An exact copy of every record below is required, with the pictures left out.
● ● ● ● ● ● ●
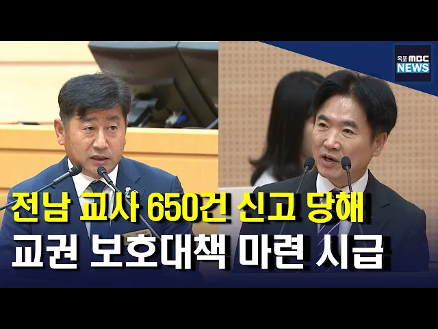 ◀ANC▶ 전남지역 교사들이 지난 5년 동안 학생과 학부모 등으로부터 650건의 신고를 당한 것으로 조사됐습니다. 전남도의회는 교권 보호대책 마련을 요구했습니다. 전남도의회 도정,교육행정 질의 마지막날 나온 내용을 박종호 기자가 정리했습니다. ◀END▶ ◀VCR▶ 전남지역 교사들도 신고와 고소·고발로 인한 법적 ...
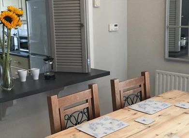 Beachside – a modern coastal ground floor apartment centrally located in Groomsport, boasting pleasant sea views.Beach theme styled accommodation offers guests a spacious open plan lounge/dining area, two bedrooms (double with ensuite, triple with family bathroom) , fully equipped modern kitchen and secure private parking/storage area.
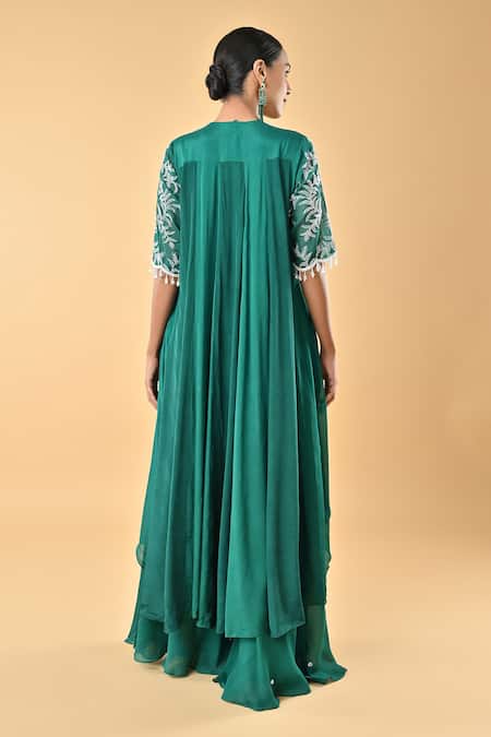 Green silk organza tunic featuring intricate floral embroidery and a front placket. Paired with a matching palazzo adorned with embellishments.
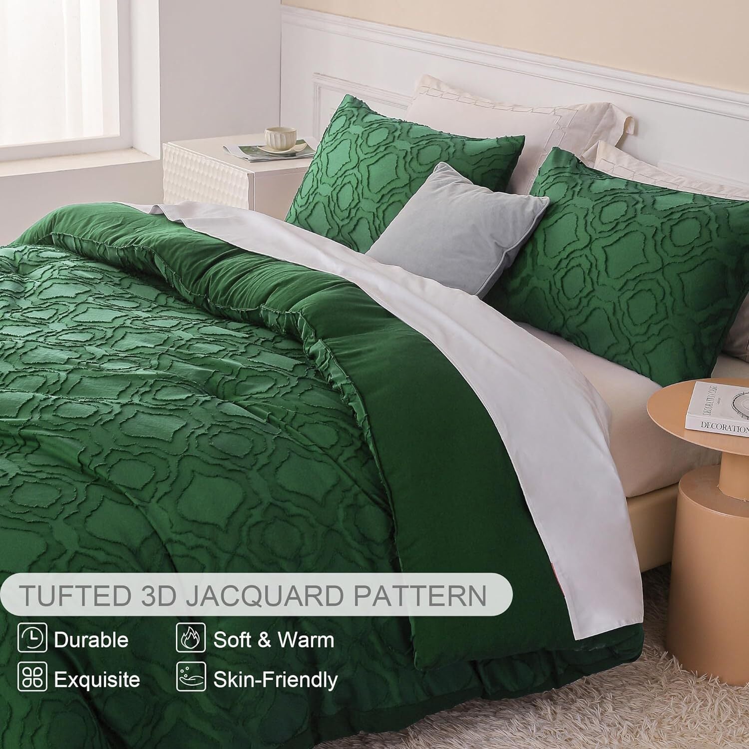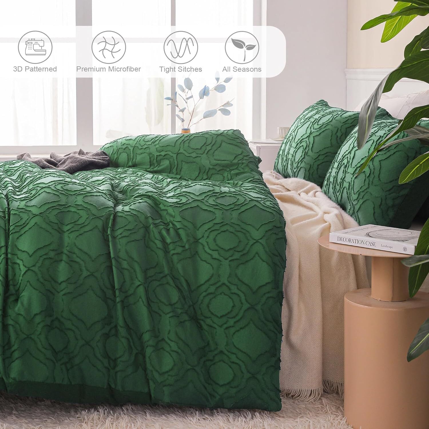 Whale Flotilla 3-Piece Tufted King Size Comforter Set, Soft Fluffy Shabby Chic Comforter for All Seasons, Farmhouse Boho Duvet Bedding Sets with 2 Pillow Shams, 90"x104", Deep Green
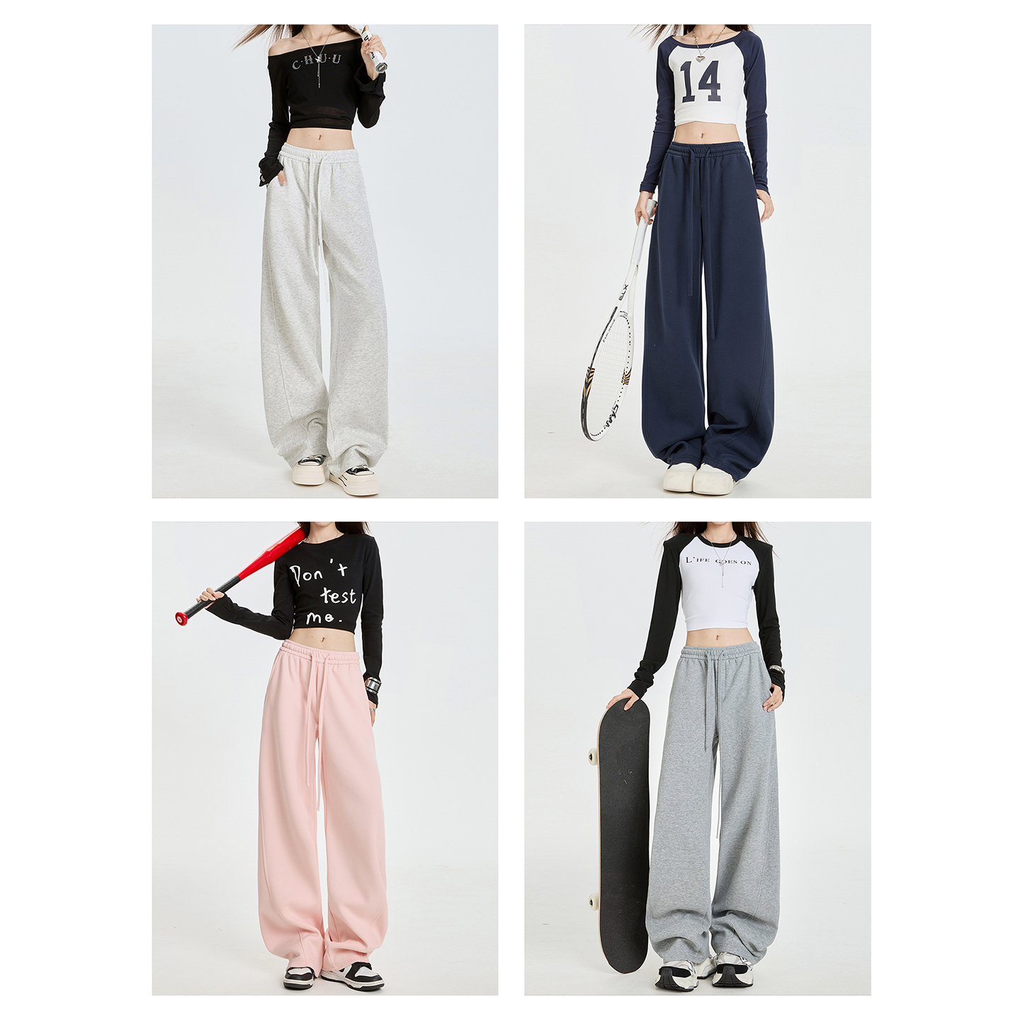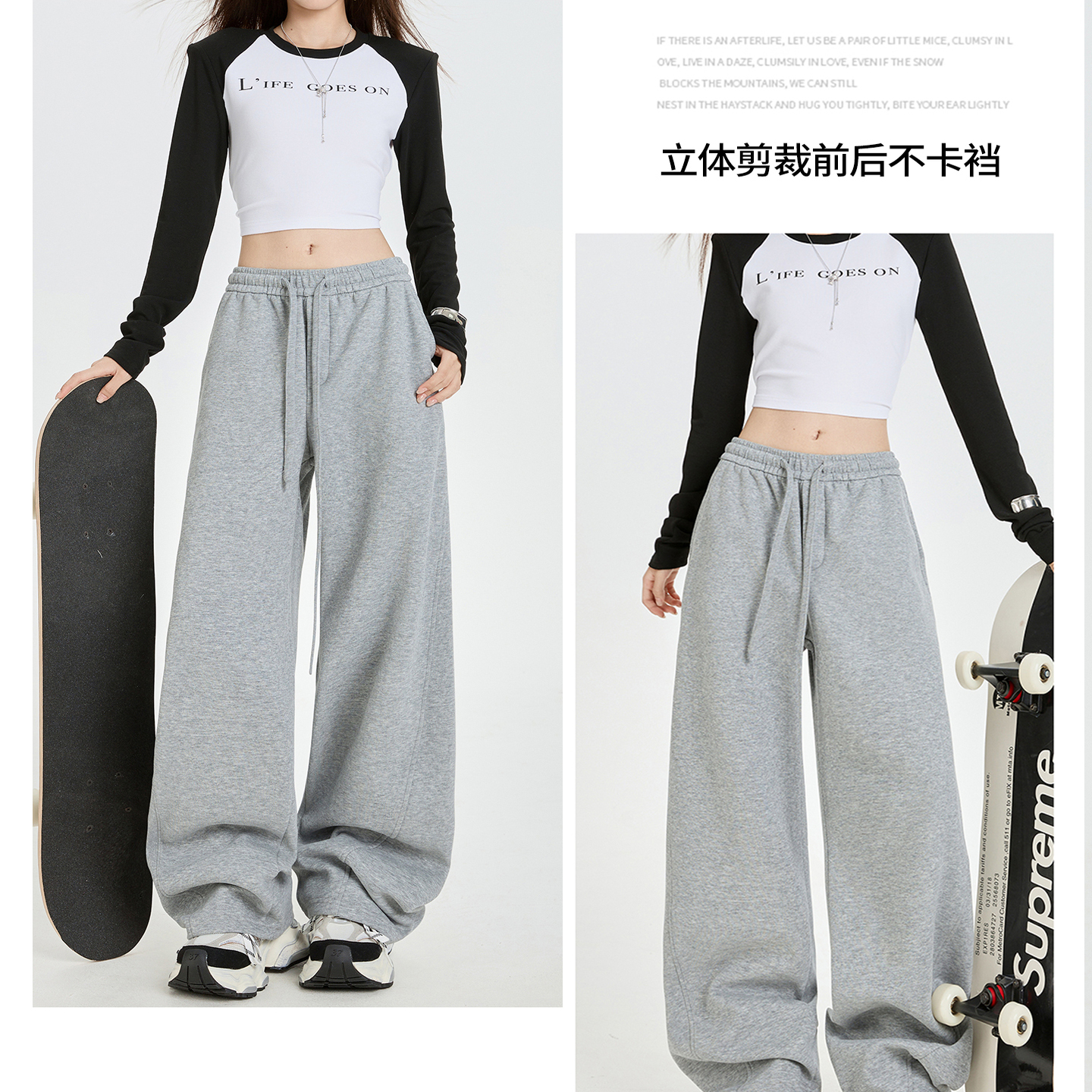 高级宽松bf慵懒垂感直筒加绒休闲阔腿裤 2025新款 子女春秋季 糯米裤
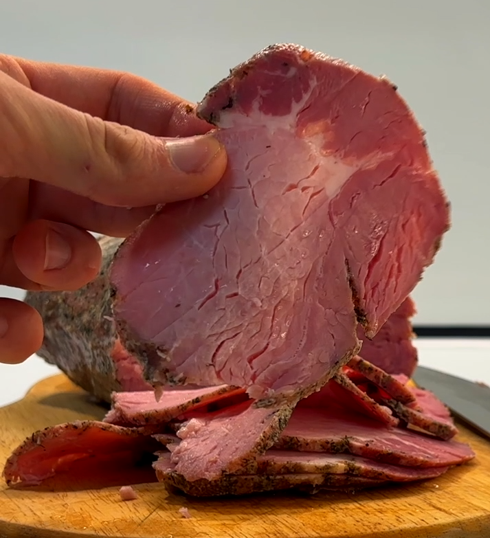 Карбонад самый настоящий, как из магазина! Только дома, вкуснее и полезнее, так как вы сами контролируете состав и процесс приготовления. 🔪Берём свиную корейку. Очищаем от жил, жирочка и пленочек. Если попался кусок с костями, их также аккуратно снимаем. Взвешиваем мясо. Понадобятся специи в расчете на 1кг мяса: - 2гр сушеный чеснок; - 2гр кориандр; - 2гр перец чёрный молотый; - 2гр мускатных орех; - 2гр орегано; - 10гр соль; - 10гр нитритная соль. ❗️Перечень специй можете варьировать по вкусу и по наличию. Однако, для получения красивого розового цвета ветчины, вам необходима нитритная соль - этот пункт обязателен. Смешиваем специи и обсыпаем мясо со всех сторон. Возможно, специй будет чуть больше, ничего страшного - что налипло, то налипло. Вакуумируем либо плотно обматываем в пищевую пленку и откладываем в холодильник на 5 дней. 😌 🥘Включаем су-вид на 74°С на 3 часа. 🧤Если у вас нет су-вида, можно приготовить в духовке, при вы этом вы должны быть уверены, что ваш духовой шкаф к
● ● ● ● ● ● ●
▶ [Task answer]:
 ◀ANC▶ 전남지역 교사들이 지난 5년 동안 학생과 학부모 등으로부터 650건의 신고를 당한 것으로 조사됐습니다. 전남도의회는 교권 보호대책 마련을 요구했습니다. 전남도의회 도정,교육행정 질의 마지막날 나온 내용을 박종호 기자가 정리했습니다. ◀END▶ ◀VCR▶ 전남지역 교사들도 신고와 고소·고발로 인한 법적 ...
 Beachside – a modern coastal ground floor apartment centrally located in Groomsport, boasting pleasant sea views.Beach theme styled accommodation offers guests a spacious open plan lounge/dining area, two bedrooms (double with ensuite, triple with family bathroom) , fully equipped modern kitchen and secure private parking/storage area.
 Green silk organza tunic featuring intricate floral embroidery and a front placket. Paired with a matching palazzo adorned with embellishments.
 Whale Flotilla 3-Piece Tufted King Size Comforter Set, Soft Fluffy Shabby Chic Comforter for All Seasons, Farmhouse Boho Duvet Bedding Sets with 2 Pillow Shams, 90"x104", Deep Green
 高级宽松bf慵懒垂感直筒加绒休闲阔腿裤 2025新款 子女春秋季 糯米裤
 Карбонад самый настоящий, как из магазина! Только дома, вкуснее и полезнее, так как вы сами контролируете состав и процесс приготовления. 🔪Берём свиную корейку. Очищаем от жил, жирочка и пленочек. Если попался кусок с костями, их также аккуратно снимаем. Взвешиваем мясо. Понадобятся специи в расчете на 1кг мяса: - 2гр сушеный чеснок; - 2гр кориандр; - 2гр перец чёрный молотый; - 2гр мускатных орех; - 2гр орегано; - 10гр соль; - 10гр нитритная соль. ❗️Перечень специй можете варьировать по вкусу и по наличию. Однако, для получения красивого розового цвета ветчины, вам необходима нитритная соль - этот пункт обязателен. Смешиваем специи и обсыпаем мясо со всех сторон. Возможно, специй будет чуть больше, ничего страшного - что налипло, то налипло. Вакуумируем либо плотно обматываем в пищевую пленку и откладываем в холодильник на 5 дней. 😌 🥘Включаем су-вид на 74°С на 3 часа. 🧤Если у вас нет су-вида, можно приготовить в духовке, при вы этом вы должны быть уверены, что ваш духовой шкаф к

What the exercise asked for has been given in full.